Systems that embed ECL may wish to deactivate completely these signal handlers. This is done using the boot options, ECL_OPT_TRAP_SIGFPE, ECL_OPT_TRAP_SIGSEGV, ECL_OPT_TRAP_SIGBUS, ECL_OPT_TRAP_INTERRUPT_SIGNAL.

Systems that embed ECL and want to allow handling of synchronous signals should take care to also trap the associated lisp conditions that may arise. This is automatically taken care of by functions such as si_safe_eval, and in all other cases it can be solved by enclosing the unsafe code in a ECL_CATCH_ALL frame.


3.5.4 Considerations when embedding ECL

There are several approaches when handling signals and interrupts in a program that uses ECL. One is to install your own signal handlers. This is perfectly fine, but you should respect the same restrictions as ECL. Namely, you may not execute arbitrary code from those signal handlers, and in particular it will not always be safe to execute Common Lisp code from there.

If you want to use your own signal handlers then you should set the appropriate options before invoking cl_boot, as explained in ecl_set_option. Note that in this case ECL will not always be able to detect floating point exceptions.

The other option is to let ECL handle signals itself. This would be safer when the dominant part of the code is Common Lisp, but you may need to protect the code that embeds ECL from being interrupted using either the macros ecl_disable_interrupts and ecl_enable_interrupts or the POSIX functions pthread_sigmaks and sigprocmask.


3.5.5 Signals Reference

Macro: mp:with-interrupts &body body
Macro: mp:without-interrupts &body body

Execute code with interrupts optionally enabled/disabled, See Processes dictionary.

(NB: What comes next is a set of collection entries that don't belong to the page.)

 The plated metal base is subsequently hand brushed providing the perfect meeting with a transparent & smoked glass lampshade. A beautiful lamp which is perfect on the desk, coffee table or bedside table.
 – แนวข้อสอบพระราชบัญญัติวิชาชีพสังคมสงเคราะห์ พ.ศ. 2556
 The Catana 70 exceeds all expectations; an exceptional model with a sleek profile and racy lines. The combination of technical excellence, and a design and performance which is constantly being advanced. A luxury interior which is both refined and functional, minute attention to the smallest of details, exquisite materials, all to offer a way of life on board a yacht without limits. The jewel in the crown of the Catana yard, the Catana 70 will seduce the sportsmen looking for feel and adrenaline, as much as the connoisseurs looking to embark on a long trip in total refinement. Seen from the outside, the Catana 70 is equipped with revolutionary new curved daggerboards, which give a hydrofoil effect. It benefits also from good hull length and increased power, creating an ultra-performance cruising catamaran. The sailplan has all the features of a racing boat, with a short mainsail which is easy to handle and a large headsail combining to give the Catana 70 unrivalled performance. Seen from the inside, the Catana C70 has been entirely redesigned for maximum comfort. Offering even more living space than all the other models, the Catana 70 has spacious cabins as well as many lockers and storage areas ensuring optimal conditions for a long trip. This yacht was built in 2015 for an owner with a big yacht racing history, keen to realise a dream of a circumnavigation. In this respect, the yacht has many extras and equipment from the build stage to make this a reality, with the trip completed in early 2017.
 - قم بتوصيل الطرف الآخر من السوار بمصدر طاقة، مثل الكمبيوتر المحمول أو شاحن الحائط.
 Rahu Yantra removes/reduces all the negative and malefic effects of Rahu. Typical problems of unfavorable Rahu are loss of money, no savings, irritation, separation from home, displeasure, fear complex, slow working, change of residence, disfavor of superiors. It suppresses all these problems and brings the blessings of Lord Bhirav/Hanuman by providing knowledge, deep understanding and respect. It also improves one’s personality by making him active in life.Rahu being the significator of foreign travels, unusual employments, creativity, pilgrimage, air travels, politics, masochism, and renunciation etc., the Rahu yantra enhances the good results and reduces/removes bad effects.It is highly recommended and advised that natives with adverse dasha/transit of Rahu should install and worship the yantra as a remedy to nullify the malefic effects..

Condition: ext:unix-signal-received

Unix signal condition

Class Precedence List

condition, t

Methods

Function: ext:unix-signal-received-code condition

Returns the signal code of condition

Function: ext:get-signal-handler code

Queries the currently active signal handler for code.

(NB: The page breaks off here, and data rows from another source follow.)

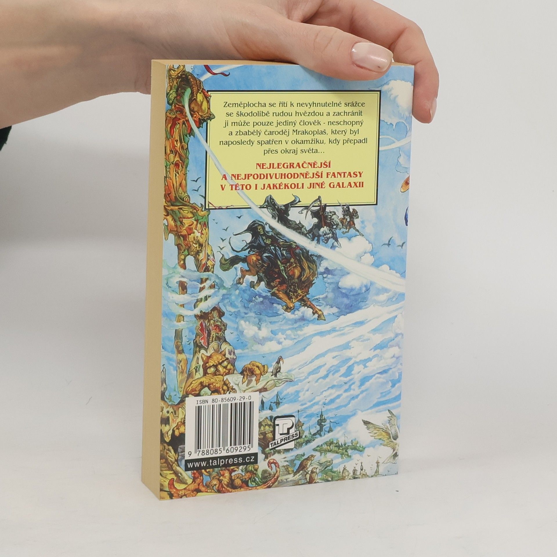 Zeměplocha se řítí k nevyhnutelné srážce se škodolibou rudou hvězdou a zachránit ji může pouze jediný člověk – neschopný a zbabělý čaroděj Mrakoplaš, který byl naposledy spatřen v okamžiku, kdy přepadl přes okraj světa... Nejlegračnější a nejpodivuhodnější fantasy v této i jakékoli jiné galaxii!!!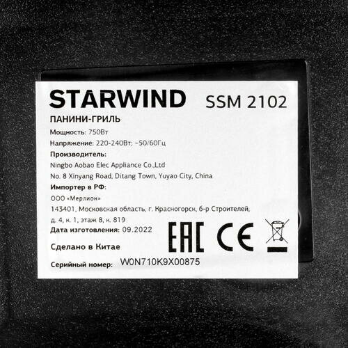 Сэндвичница Starwind SSM2102 750Вт черный SSM2102 .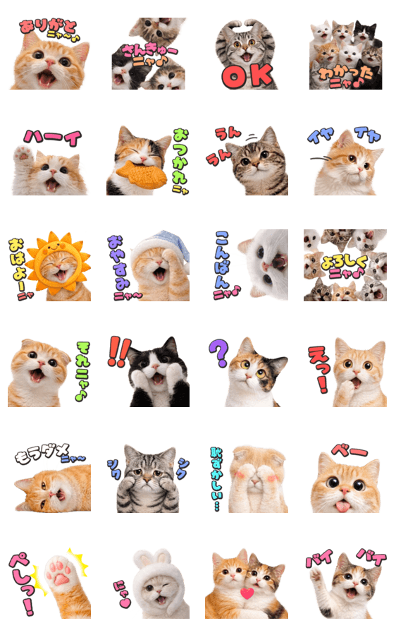 画面いっぱいに広がる可愛さ♡表情豊かな猫たちが元気に飛び出す、癒やし度100%のポップアップスタンプ第2弾♪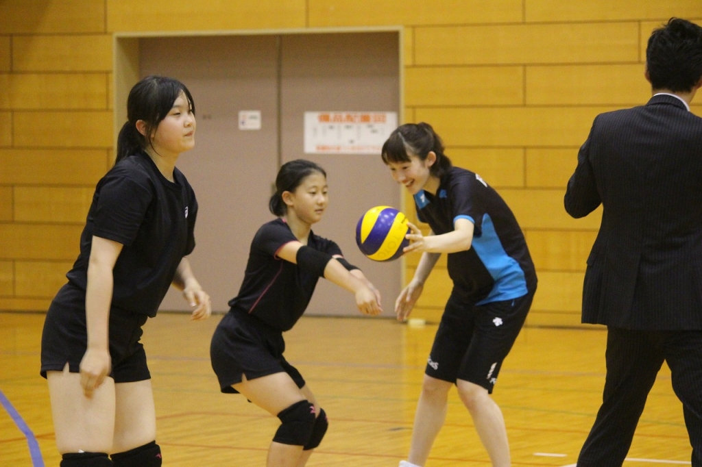 本校バレー部山本主将お「苦手なレシーブも細かいところを助言して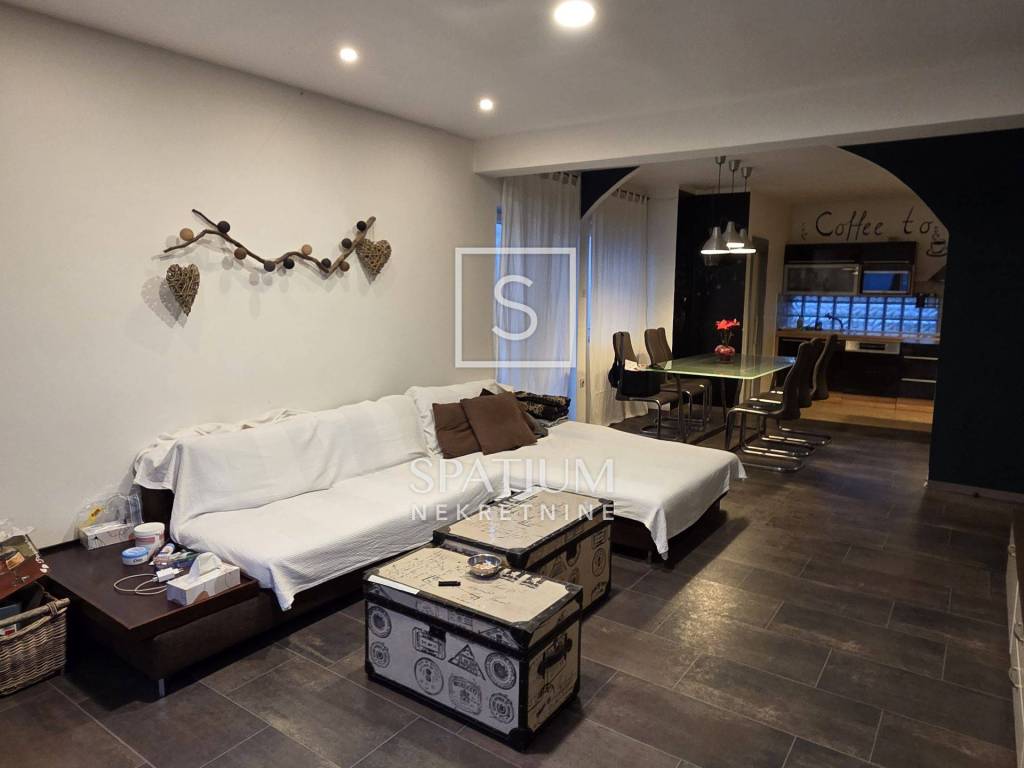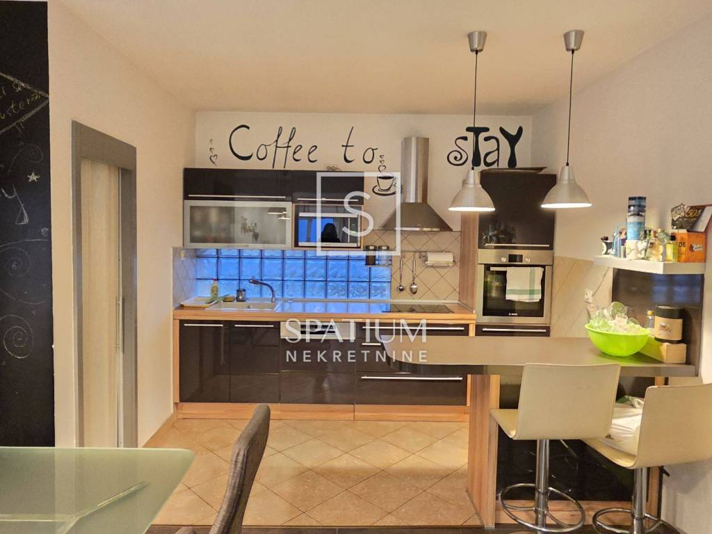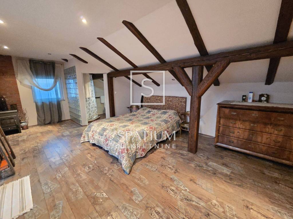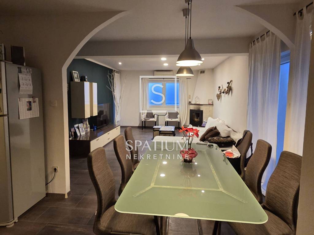 Na katu se nalazi potpuno uređen dvoetažni stan površine 110 m², koji se sastoji od: tri spavaće sobe ,prostranog dnevnog boravka s kuhinjom i blagovaonicom ,kupaonice i hodnika, velikog balkona s lijepim pogledom. Iz jedne spavaće sobe vode stepenice u visoko potkrovlje, gdje se nalazi ugodan i funkcionalan prostor sa spavaćom i dnevnom sobom, kupaonicom te velikom terasom s otvorenim pogledom na more.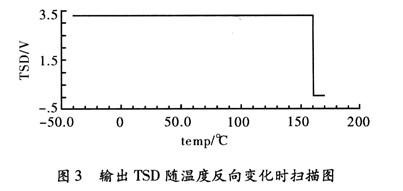 按照以上設(shè)計的電路。用Cadence Specture對其進行仿真,器件的模型參數(shù)采用0.35μm CMOS工藝。圖2為過溫保護電路的輸出控制信號TSD,隨溫度上升和下降的曲線。電源電壓取3.3 V。從仿真結(jié)果可以看出,該電路實現(xiàn)了良好的“溫度遲滯”特性。遲滯功能有效的避免了芯片出現(xiàn)熱振蕩問題。關(guān)斷溫度TH160°和恢復(fù)溫度TL140°。

Function: ext:set-signal-handler code handler

Arranges for the signal code to be caught in all threads and sets the signal handler for it. The value of handler modifies the signal handling behaviour as follows:

handler is a function designator

The function designated by handler will be invoked with no arguments

handler is a symbol denoting a condition type

A continuable error of the given type will be signaled

handler is equal to code

A condition of type ext:unix-signal-received with the corresponding signal code will be signaled

handler is nil

The signal will be caught but no handler will be called

Function: ext:catch-signal code flag &key process

Changes the action taken on receiving the signal code. flag can be one of the following:

nil or :ignore

Ignore the signal

:default

Use the default signal handling strategy of the operating system

t or :catch

Catch the signal and invoke the signal handler as given by ext:get-signal-handler

:mask, :unmask

Change the signal mask of either a) the not yet enabled process or b) the current process, if process is not supplied

Returns t on success and nil on failure.

Example:

CL-USER> (ext:catch-signal ext:+SIGPIPE+ :catch)
T
CL-USER> (ext:get-signal-handler ext:+SIGPIPE+)
NIL
CL-USER> (ext:set-signal-handler ext:+SIGPIPE+
                                 #'(lambda ()
                                     (format t "SIGPIPE detected in process: ~a~%" mp:*current-process*)))
#<bytecompiled-function 0x25ffca8>

Passing the SIGPIPE signal to the ECL program with killall -s SIGPIPE ecl results in the output:

SIGPIPE detected in process: #<process TOP-LEVEL 0x1ecdfc0>